IT SEEMS LIKE A LOT OF PEOPLE IN THE AUDIENCE WOULD BE ROOTING FOR YOU TOO. IT’S RELATABLE, A LOT OF PEOPLE HAVE THE SAME THING GOING ON. I THINK IT WILL ATTRACT A LOT OF ATTENTION ACROSS A WIDE SPECTRUM. THAT’S WHY I WAS ASKING WHAT’S NEXT, HAVE YOU PLANNED IT OUT YET.
Ryan: I have another movie that I’m writing, but it’s not a sequel to this one. Not that these people won’t be in that one.
YOU DON’T HAVE TO MAKE A SEQUEL TO USE THE SAME ACTORS. LOOK AT ROBERT RODRIGUEZ, HE PREFERS CERTAIN ACTORS FOR HIS MOVIES.
Ryan: There’s a couple of people in this movie who have been in all my shorts – the bartender guy at the karaoke bar who only says two lines and the waiter. The bartender was in my very first film school project in 1997.

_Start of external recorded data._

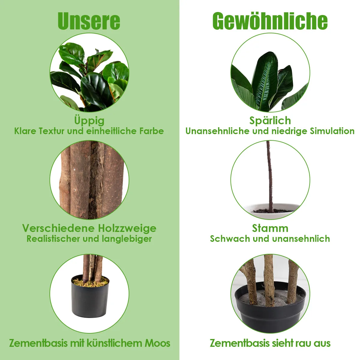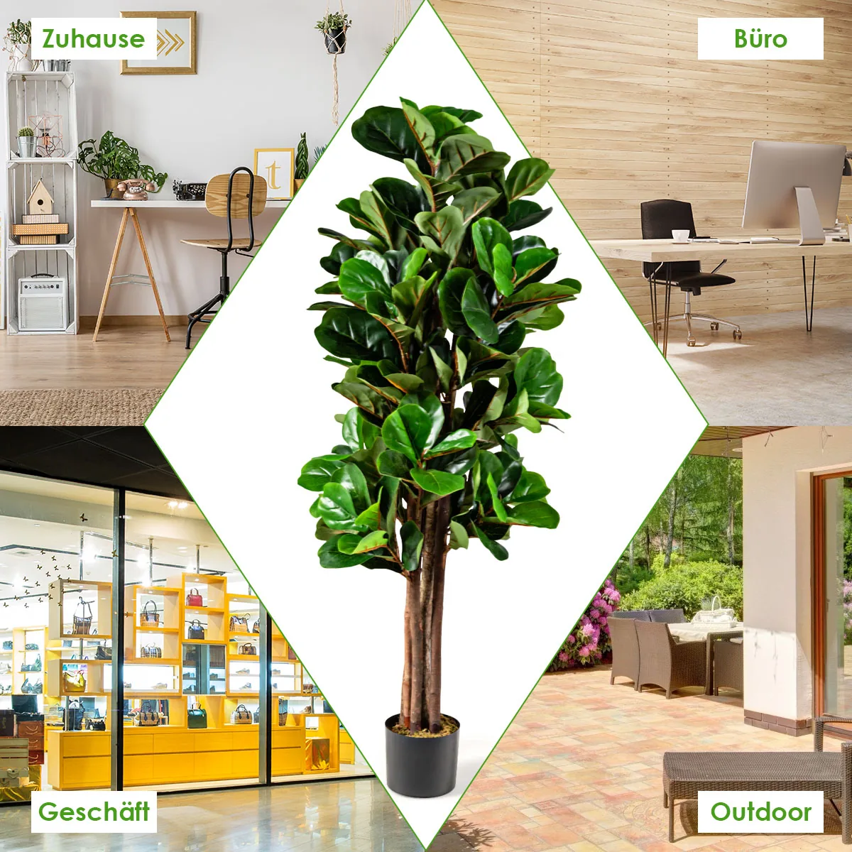 - 1,5 m aukščio dirbtinis fikusas su 180 lapų, suteikiančių gamtos atspalvį patalpoms.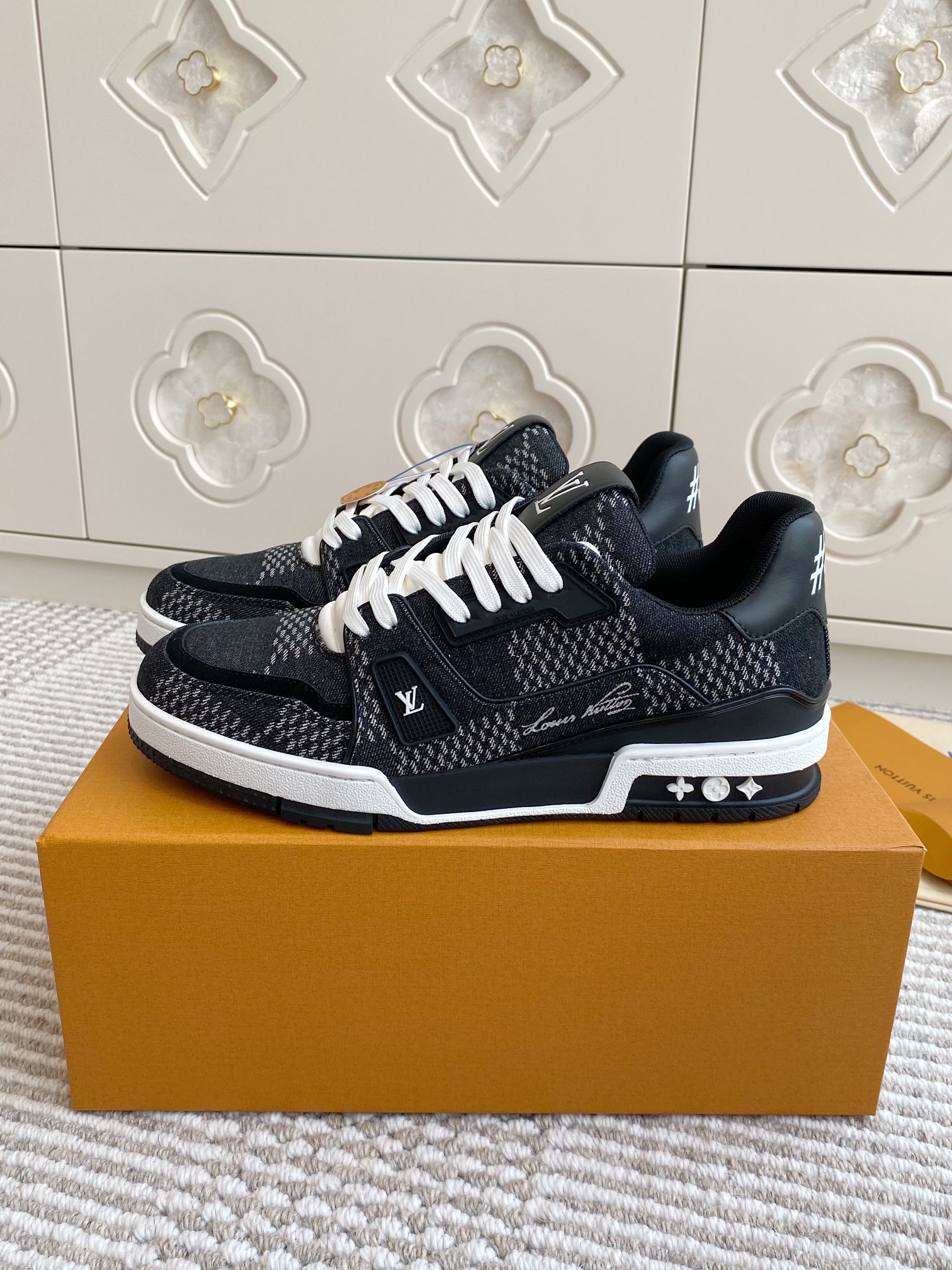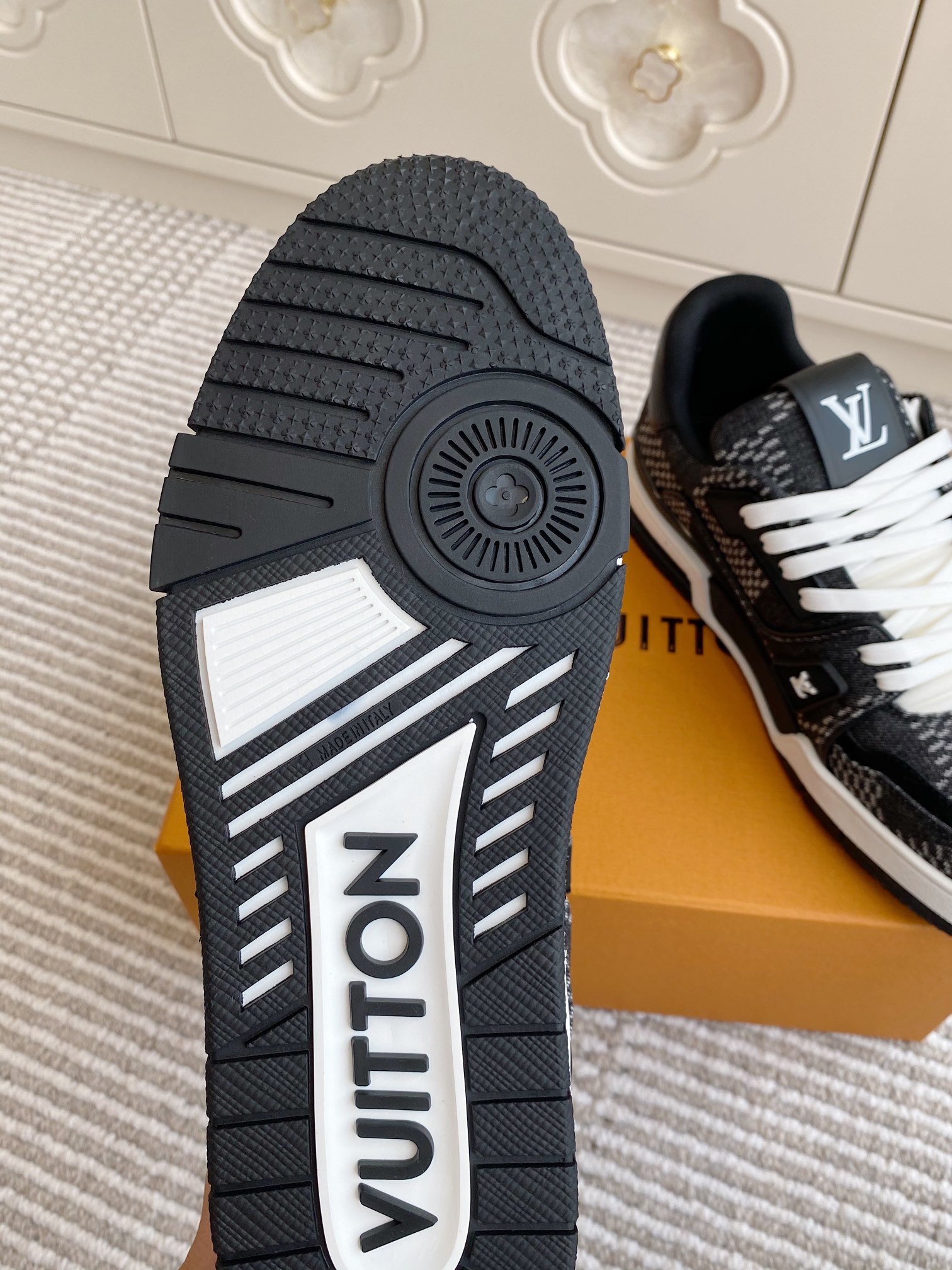 This shoes is AAAAA 1:1 quality (superb). Materials used are identical to the original ones. Louis Vuitton trademark marks are indistinguishable to the authentic. Photos take by actual shoes, what you receive will be 100% same with our photos.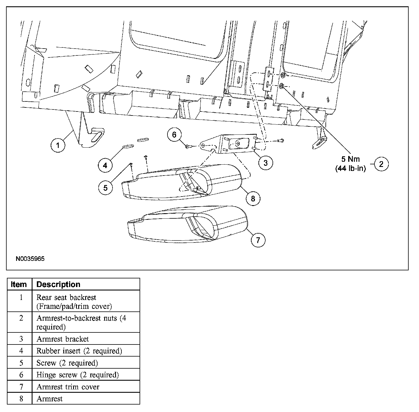 5. WARNING: The retaining wire in the rear seat cushion pad and frame and rear seat backrest pad and frame back must be fully seated in the retainer brackets to prevent the seat backrest and seat cushion from sliding forward in the event of a collision. Failure to follow these instructions may result in personal injury.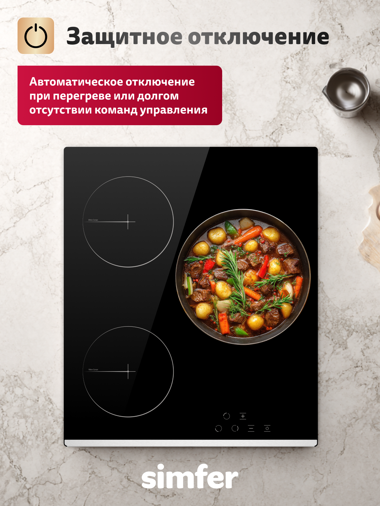 Описание Варочная панель электрическая Simfer H45D13S225 Варочная панель электрическая Simfer H45D13S225 представляет собой стильное и функциональное решение для вашей кухни. Черный цвет панели и три электрические конфорки обеспечивают удобство и комфорт в использовании. Панель оснащена сенсорным управлением с 9 уровнями мощности, что позволяет точно регулировать температуру приготовления пищи. Система автоотключения обеспечивает дополнительную безопасность. Кнопка блокировки панели предотвращает случайное включение панели детьми. Установка панели независимая, что позволяет легко интегрировать ее в любой кухонный интерьер. Размеры ниши для встраивания панели составляют 410х490 мм, а минимальная толщина столешницы – 38 мм. В комплект поставки входят инструкция по эксплуатации, гарантийный талон, сертификат и все необходимые аксессуары для монтажа. Выбирая варочную панель Simfer, вы получаете стильную и функциональную технику, которая обеспечит комфорт и безопасность на вашей кухне.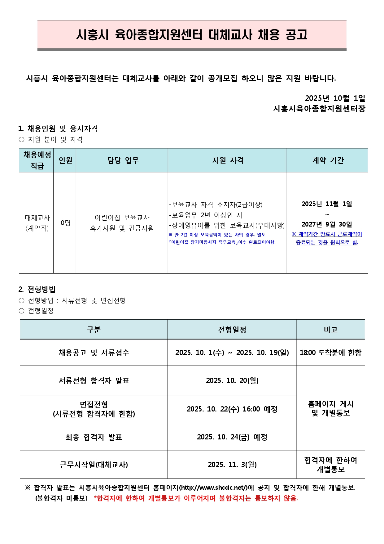 [외부] [시흥시육아종합지원센터] 직원(대체교사) 채용 안내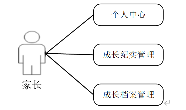 (4)、家长关键功能包含个人中心、成长纪实管理、成长档案管理等进行管理。用户用例如下: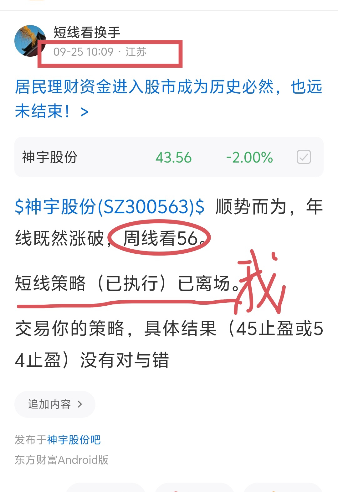 上周我是短线策略(高抛)。周线(中线)看54..交易你的策略,愿赌服输(卖掉的不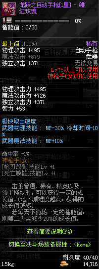 | 75 | 龙跃之自动手枪[1星] – 绯红玫瑰 | *完成二次觉醒任务后可以从NPC小铁柱处获得此道具。 | ||
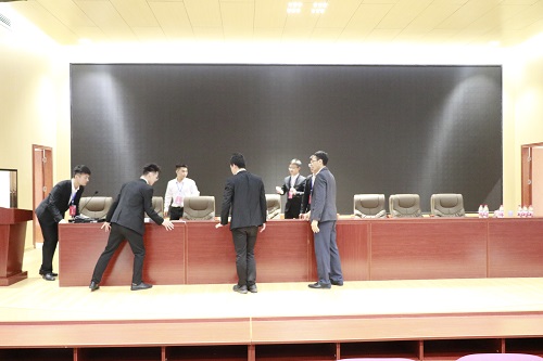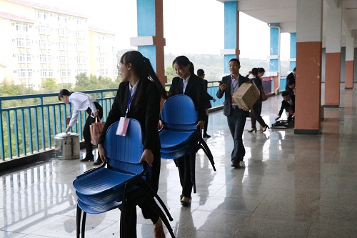 师生协助做好会场布置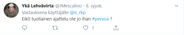 Ja jos somenarsisteille siis kertoo, kuinka paljon vieraskielisten (so. maahanmuuttajien ja maahanmuuttajataustaisten) määrä lisääntyy koko ajan, he kysyvät, vastustanko englantilaisia, saksalaisia tai japanilaisia. Entä ihmisoikeuksia? Ja että enkö salli, että suomalainen tekee lapsia kiinalaisen kanssa.
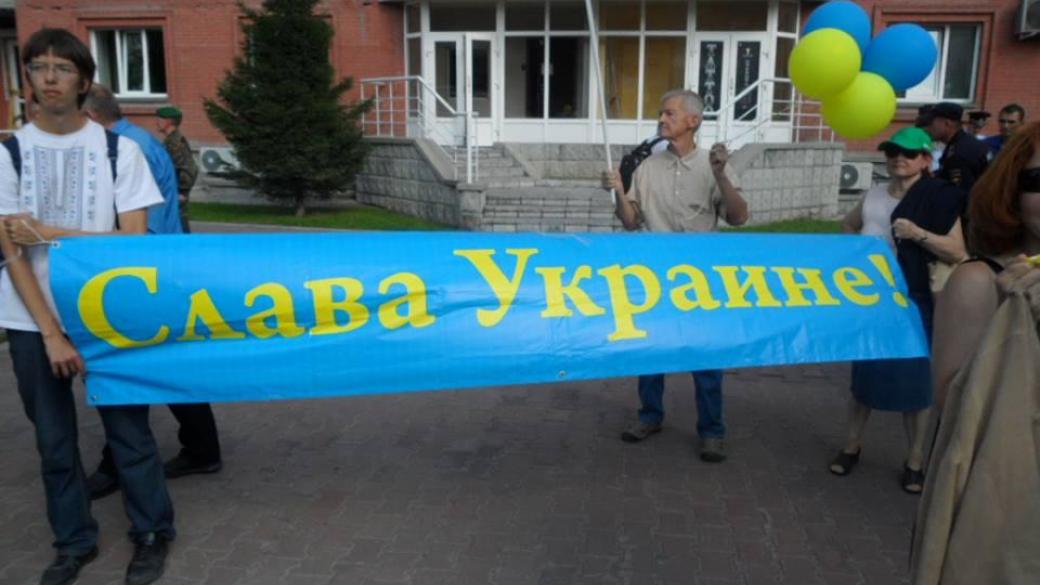 В российском городе Новосибирске более десяти человек пришли к консульству Украины, чтобы отпраздновать День Независимости Украины.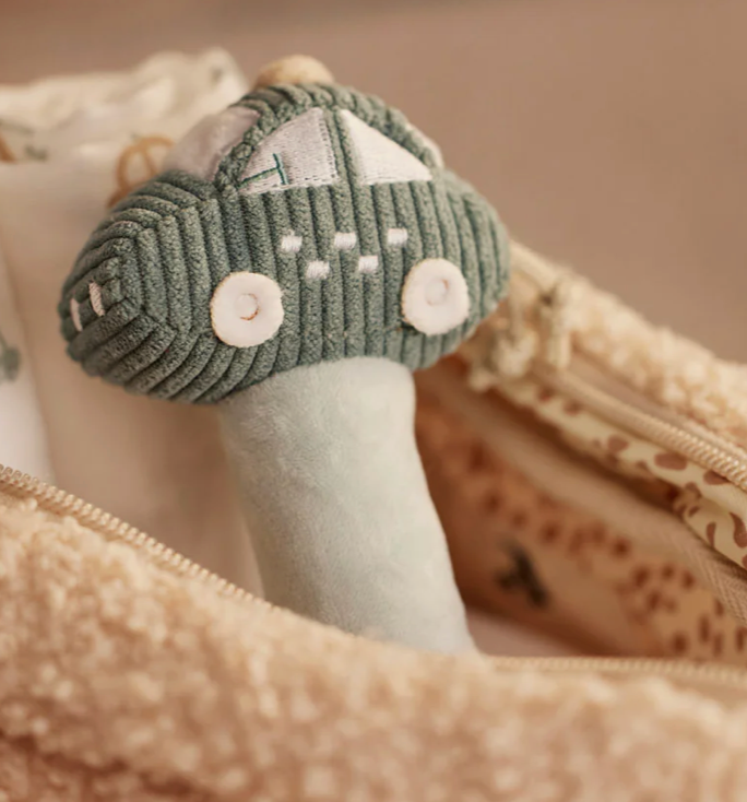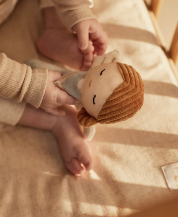 Around three months, babies discover that they can grasp and move objects. A rattle is the perfect toy at this stage: lightweight, easy to hold, and with a gentle sound that sparks curiosity. Choose between cute Teddy Bears, On the Go with a cute car or with a Fairy for little princesses.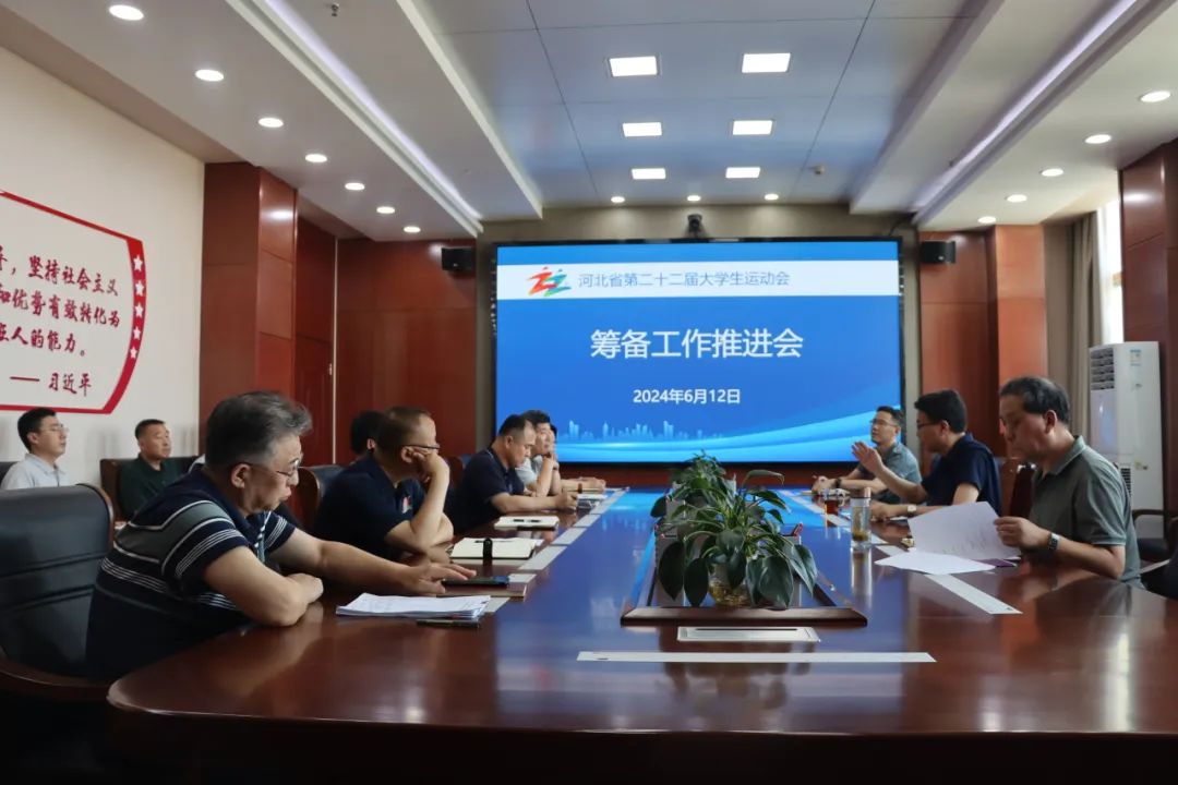 6月12日,太阳集团召开河北省第二十二届大学生运动会筹备工作推进会,党委书记云电军,党委常委、副校长范小振出席会议。

Kristina: Yes, Ryan’s a fan of using the same people again and again. It’s hard to find people you like, I guess in any industry, and when you do find them you just want to keep them around.
Jillian: I like everything that’s being said right now, I just want to go on record. (laughter) I really like it, I’m taking notes.
WELL I’M RECORDING IT SO I’LL SEND IT YOU IF YOU WANT. IT’S PROOF.